Sophs: The Great Gatsby

The track curved and now it was going away from the sun, which as it sank lower, seemed to spread itself in benediction over the vanishing city where she had drawn her breath. He stretched out his hand desperately as if to snatch only a wisp of air, to save a fragment of the spot that she had made lovely for him. But it was all going by too fast now for his blurred eyes and he knew that he had lost that part of it, the freshest and the best, forever.

It's writing like this that makes you "hold your breath" when you read Fitzgerald, either in astonishment or bewilderment. Those of you who like it can only wonder how someone could write so beautifully. Those of you who don't might wonder why someone wasted his time with so much description.

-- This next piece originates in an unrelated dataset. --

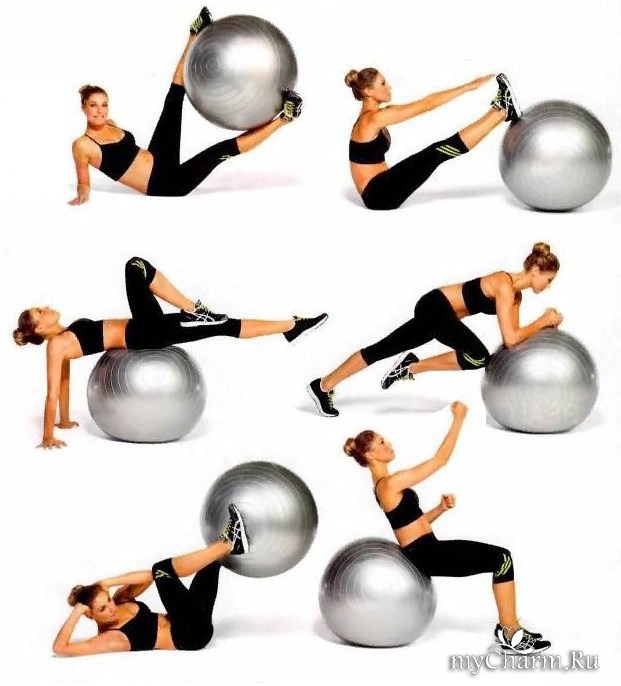 19. 11. Сегодня занималась спортом с фитнес мячом 30 минут. Делала такие упражнения: 1) Обратные скручивания. Необходимо лечь на спину, ноги положить на фитбол по сторонам туловища, обхватить ногами мяч и сильно зажать между икрами. Далее следует напрячь мышцы живота и оторвать бедра от пола и подтянуть колени, как можно ближе к груди.

I will attempt to teach you how the description is so important to understanding both the recurring motifs that "mean" something and the evocative moods that might find you falling in love with Daisy's voice, Gatsby's smile, or Gatsby's childlike attachment to his "dream." Hey, you even might appreciate the cheating golfer Jordan Baker even more, whose voice "usually" sounded like a fresh and cool green golf divot.

On the second day back from break you should have RE-read chapters 1-3 of The Great Gatsby and should have completed the notes/questions on the handout that you were given on the last day before break (it's at Studywiz if you need it, too).